**Required work**: Give back the lines below verbatim, omitting all pictures.

**Data segment**:
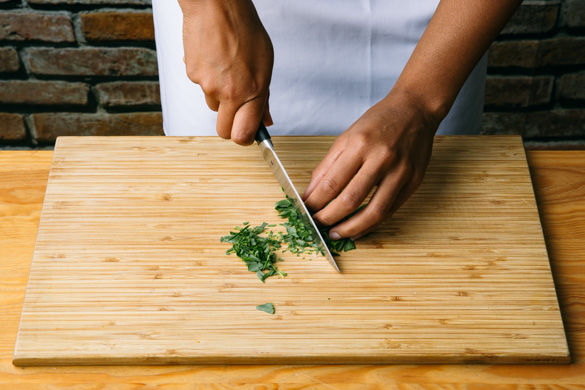 Zum Schluss die Blätter des Estragons vom Stängel zupfen und fein schneiden und die Tarte damit garnieren. Mit dem Forellendip servieren.
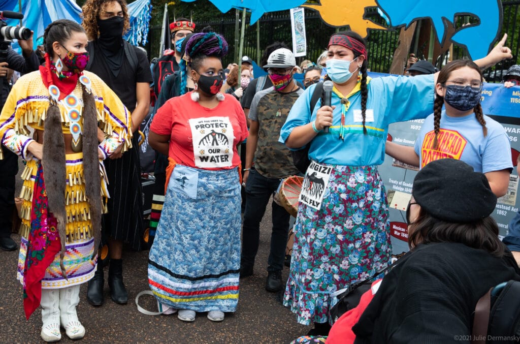 On October 11, Indigenous People’s Day, 136 people, including many Indigenous leaders opposing fossil fuel projects, were arrested in front of the White House in Washington, D.C., while calling on President Biden to declare a climate emergency and to stop approving fossil fuel projects. The day marked the first in a five-day-long series of protests in the nation’s capitol organized by the Build Back Fossil Free coalition, which is made up of numerous environmental and social justice advocacy groups.
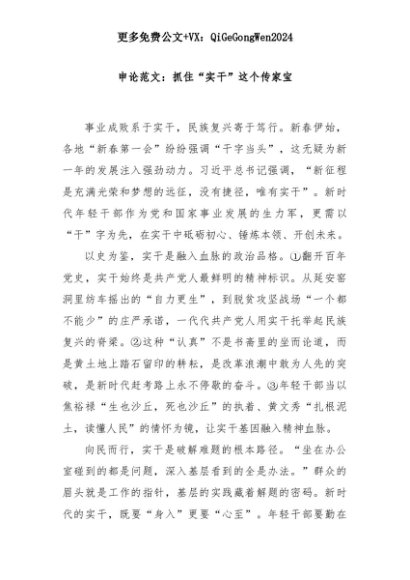 【七哥公文】2025年:申论范文:抓住“实干”这个传家宝+更多免费公文+VX:QiGeGongWen2024+更多免费公文+VX:QiGeGongWen2024
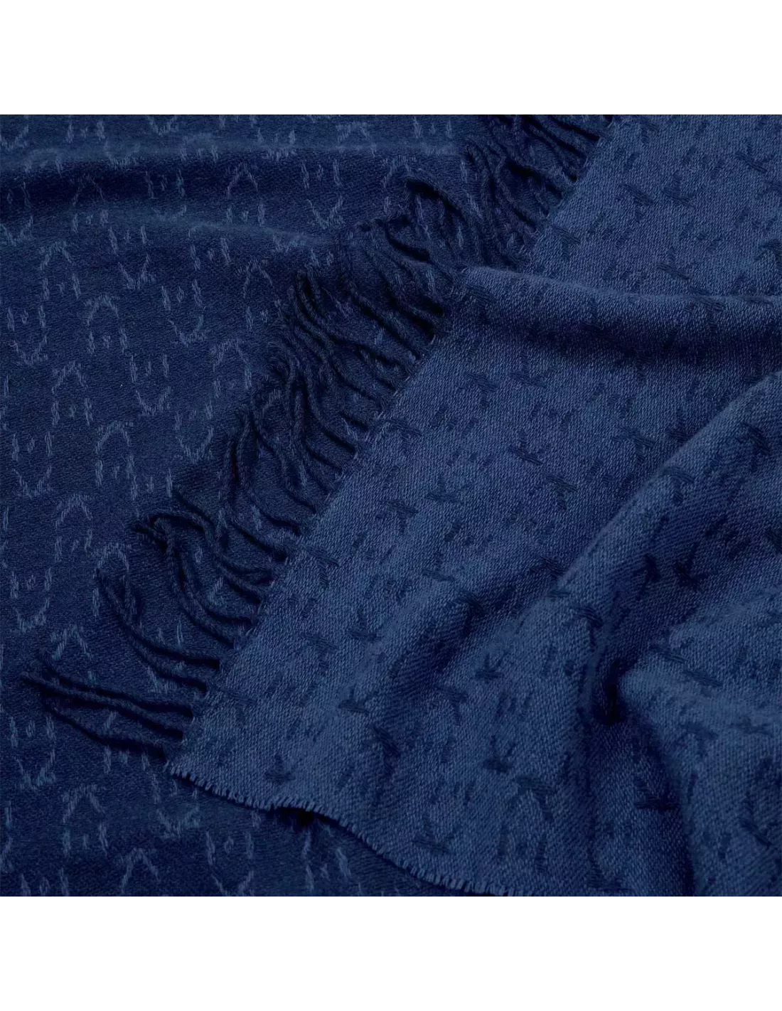 Plaid frangé bleu en laine et cachemire, K3 design by Kenzo Takada

**Result**:
 Zum Schluss die Blätter des Estragons vom Stängel zupfen und fein schneiden und die Tarte damit garnieren. Mit dem Forellendip servieren.
 On October 11, Indigenous People’s Day, 136 people, including many Indigenous leaders opposing fossil fuel projects, were arrested in front of the White House in Washington, D.C., while calling on President Biden to declare a climate emergency and to stop approving fossil fuel projects. The day marked the first in a five-day-long series of protests in the nation’s capitol organized by the Build Back Fossil Free coalition, which is made up of numerous environmental and social justice advocacy groups.
 【七哥公文】2025年:申论范文:抓住“实干”这个传家宝+更多免费公文+VX:QiGeGongWen2024+更多免费公文+VX:QiGeGongWen2024
 Plaid frangé bleu en laine et cachemire, K3 design by Kenzo Takada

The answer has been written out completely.